Mining in Peru over the last decade has typically occurred in remote regions that are typified by their extreme poverty and lack of services. Indeed, despite steady decreases in poverty levels in the coastal populations over the last decade, the rural Andean region’s poverty levels have increased, culminating in a shocking 69% in 2008 (Arellano-Yanguas 2010, 60). Further, these disparities between rural and urban poverty levels are the most severe in Peru, even when compared to its poorer Andean neighbours (Arellano-Yanguas 2010, 61).
Put simply, mining ventures often bring incredible wealth and services to areas that are marked by their lack of these resources. Consequentially, mining companies end up becoming quasi-governmental service providers, and issues arise when companies are not able to effectively take on their new-found role. Further, the companies direct injection of wealth into the communities surrounding it are finite: employment and contracting opportunities generated by mines are limited, and those whom are lucky enough to be recipients become an elevated class; leaving behind those that are not able (or wish) to participate (Environmentally and Socially Sustainable Development Department – Latin America and Caribbean Region 2006, 105–106). Indeed, Arellano-Yanguas argues that the desire of communities to enjoy a greater share of the economic or financial benefits of mining is a strong motivator of conflicts in Peru; where disruptive conflict is seen by communities as the only viable and effective bargaining tool (2010, 111).
The level and distribution of mining related governmental revenue is another feature of these conflicts. President Alberto Fujimoro undertook an aggressive neo-liberalisation project in the 1990s in order to attract foreign investment in the country’s ailing economy. As part of this project, mining taxes and royalties were reduced to be some of the lowest in the world, resulting in many communities voicing concerns (Vasquez 2011, 24). In response, the government undertook activities to increase the amount of mining revenue flowing back into affected communities through the Mining Canon (Canon Minero). However, local governments are often ill-equipped to effectively invest the funds in ways that adequately and sustainably addresses the array of social issues affecting remote communities, resulting in the problem persisting (Vasquez 2011, 24; Environmentally and Socially Sustainable Development Department – Latin America and Caribbean Region 2006, 109).
Arellano-Yanguas. 2011. “Aggravating the resource curse: Decentralisation, mining and conflict in Peru.” Journal of Development Studies 47 (4): 617-638. doi:10.1080/00220381003706478.
Arellano-Yanguas, Javier. 2010. Local politics, conflict, and development in Peruvian mining regions.

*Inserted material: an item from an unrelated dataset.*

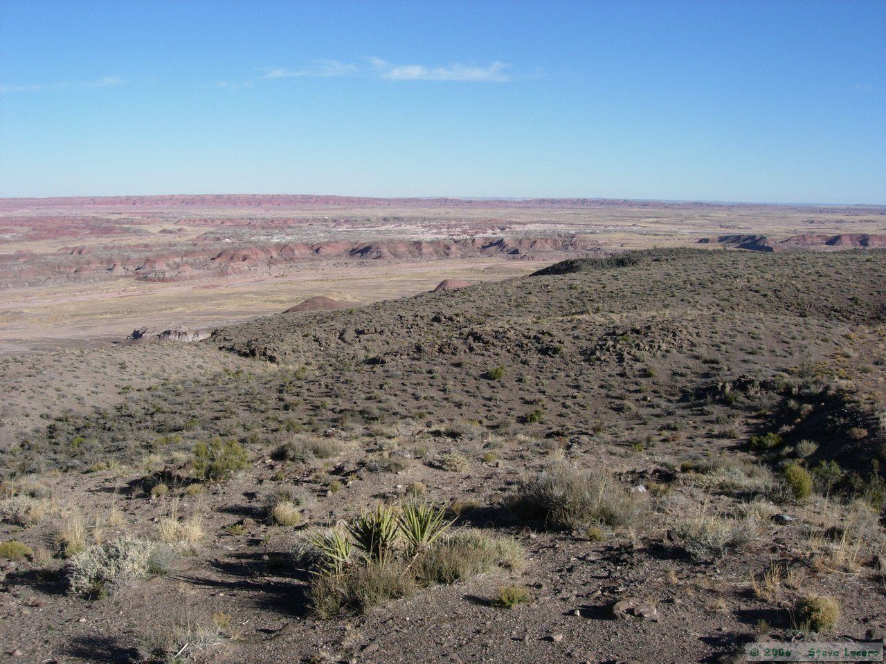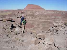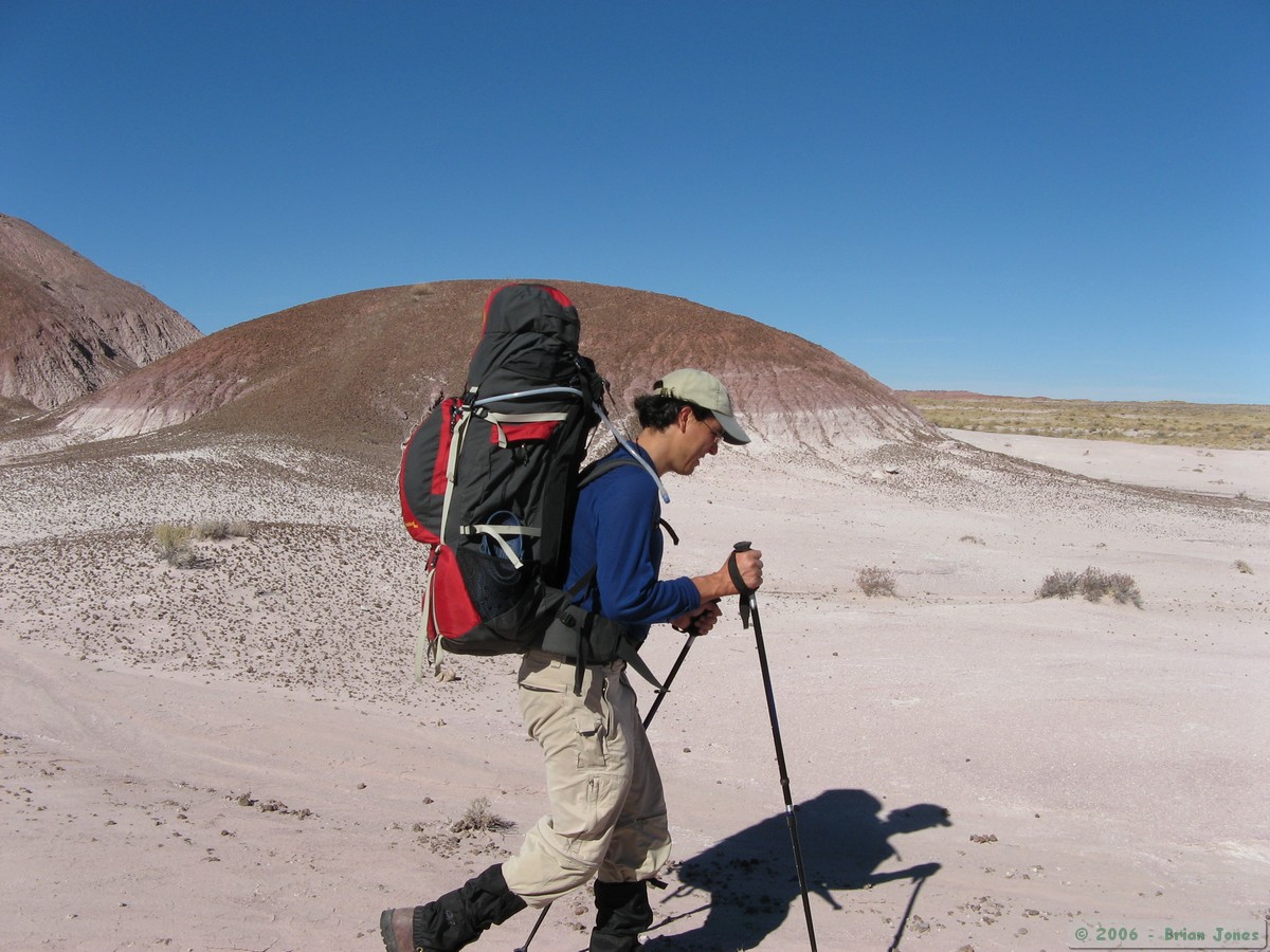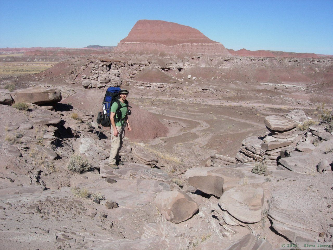 Steve, a friend from New Mexico, and I decided a couple of months prior to plan a backpacking trip for the 3-day Veterans Day holiday. After weighing a few options, we opted for a trip into the Painted Desert Wilderness Area, within Petrified Forest National Park. The Painted Desert Wilderness occupies some 43,020 acres within the northern part of the larger National Park, and is bounded elsewhere by the Dinetah, or the land of the Dine, more commonly known as the Navajo Indian Reservation. While it may seem a bit odd for two people who prefer warm weather camping to chose northern Arizona in November for a trip, there is one key factor galvanizing our resolve to shrug off the cold: water. For all intents and purposes, there isn't any in the wilderness, meaning we would have to carry all the water we would need for drinking and cooking for three days. In cooler weather, we wouldn't need as much water to stay hydrated. So while we could have chosen a slightly more pleasant time of year to go to the Painted Desert, we knew that November would be a good compromise between weather and water.

PhD, England: University of Sussex.
Defensoria del Pueblo del Peru. 2011. Reporte de Conflictos Sociales. Peru: Defensoria del Pueblo del Peru, July.
Elizalde, Bernarda, Christina Sabater, and Melissa Whellams. 2009. Appendix 1: Narrative Reports – 1E Minera Yanacocha, Peru. In Community Relationships Review – Global Summary Report, Newmont, ed. Gare Smith and Daniel Feldman. Foley Hoag.
Environmentally and Socially Sustainable Development Department – Latin America and Caribbean Region. 2006. Republic of Peru – Wealth and Sustainability: The Environmentaland Social Dimensions of the Mining Sector in Peru. The World Bank.
Vasquez, Maria. 2011. The role of employee capacity building in reducing mining company-community conflicts in Peru. Masters, Vancouver: University of British Columbia.